■ Task to carry out ■
Of the lines in the material below, print only those from the one containing "تي شيرت بأكمام دانتيل بلون مغاير" to the one containing "Την Τετάρτη 24", ends included, exactly as written and without pictures.

■ Supplied records ■
====

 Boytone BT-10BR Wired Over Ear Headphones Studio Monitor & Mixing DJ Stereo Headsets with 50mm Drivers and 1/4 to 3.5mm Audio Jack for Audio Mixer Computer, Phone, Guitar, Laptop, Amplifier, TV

====

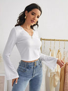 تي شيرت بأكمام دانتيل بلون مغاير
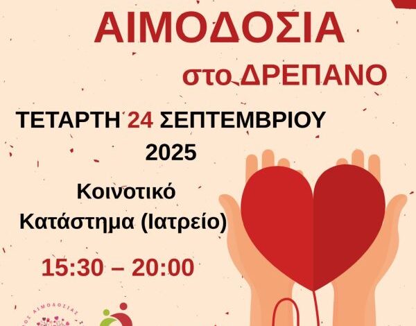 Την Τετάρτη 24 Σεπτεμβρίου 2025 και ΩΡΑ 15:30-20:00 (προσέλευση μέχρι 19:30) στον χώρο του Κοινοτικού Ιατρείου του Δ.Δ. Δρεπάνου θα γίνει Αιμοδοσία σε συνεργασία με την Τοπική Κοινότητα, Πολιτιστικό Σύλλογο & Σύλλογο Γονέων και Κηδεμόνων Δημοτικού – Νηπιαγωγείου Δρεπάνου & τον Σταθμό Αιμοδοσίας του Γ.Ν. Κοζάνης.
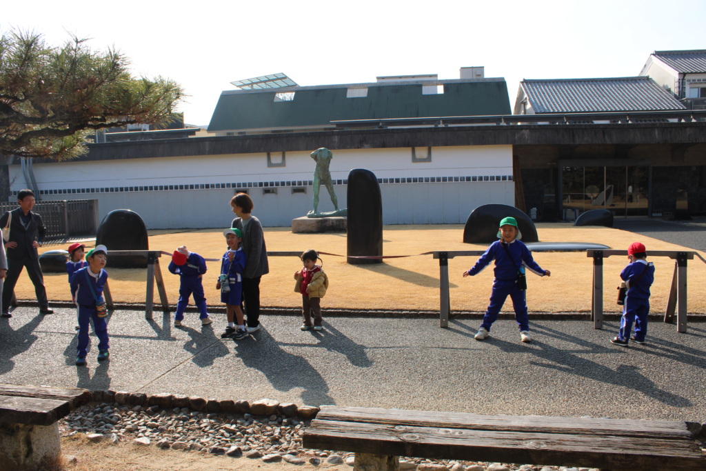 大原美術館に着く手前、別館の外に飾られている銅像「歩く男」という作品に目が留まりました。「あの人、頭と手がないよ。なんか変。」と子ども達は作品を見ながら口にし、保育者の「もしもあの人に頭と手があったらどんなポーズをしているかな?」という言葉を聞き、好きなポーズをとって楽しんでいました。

====

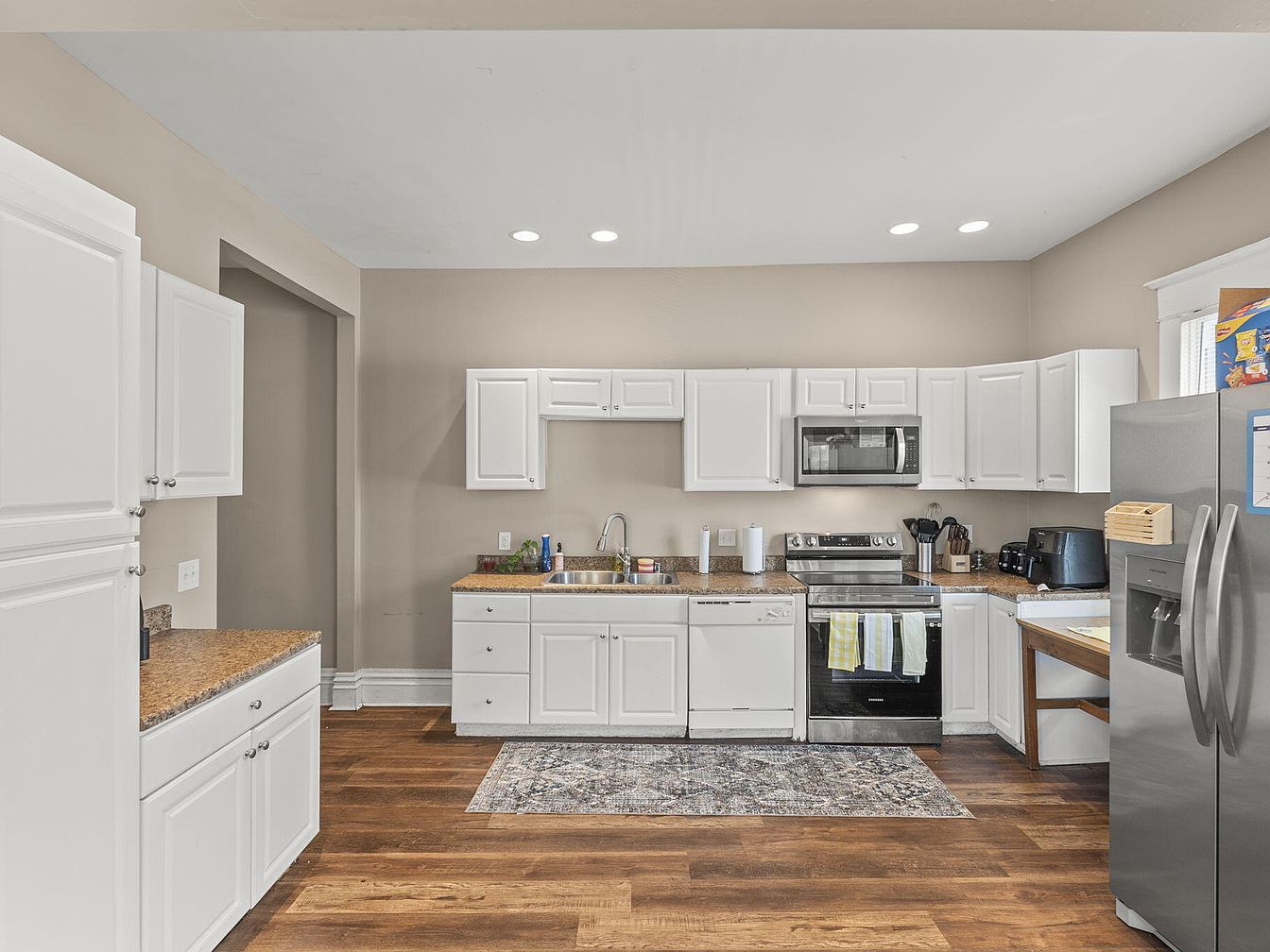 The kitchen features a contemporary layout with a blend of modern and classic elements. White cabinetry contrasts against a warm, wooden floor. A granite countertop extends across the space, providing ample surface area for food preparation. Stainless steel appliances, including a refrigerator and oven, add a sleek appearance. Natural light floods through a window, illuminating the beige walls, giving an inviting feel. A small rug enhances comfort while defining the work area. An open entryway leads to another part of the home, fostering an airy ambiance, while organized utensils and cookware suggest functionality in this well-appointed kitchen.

====

■ Output for this task ■
 تي شيرت بأكمام دانتيل بلون مغاير
 Την Τετάρτη 24 Σεπτεμβρίου 2025 και ΩΡΑ 15:30-20:00 (προσέλευση μέχρι 19:30) στον χώρο του Κοινοτικού Ιατρείου του Δ.Δ. Δρεπάνου θα γίνει Αιμοδοσία σε συνεργασία με την Τοπική Κοινότητα, Πολιτιστικό Σύλλογο & Σύλλογο Γονέων και Κηδεμόνων Δημοτικού – Νηπιαγωγείου Δρεπάνου & τον Σταθμό Αιμοδοσίας του Γ.Ν. Κοζάνης.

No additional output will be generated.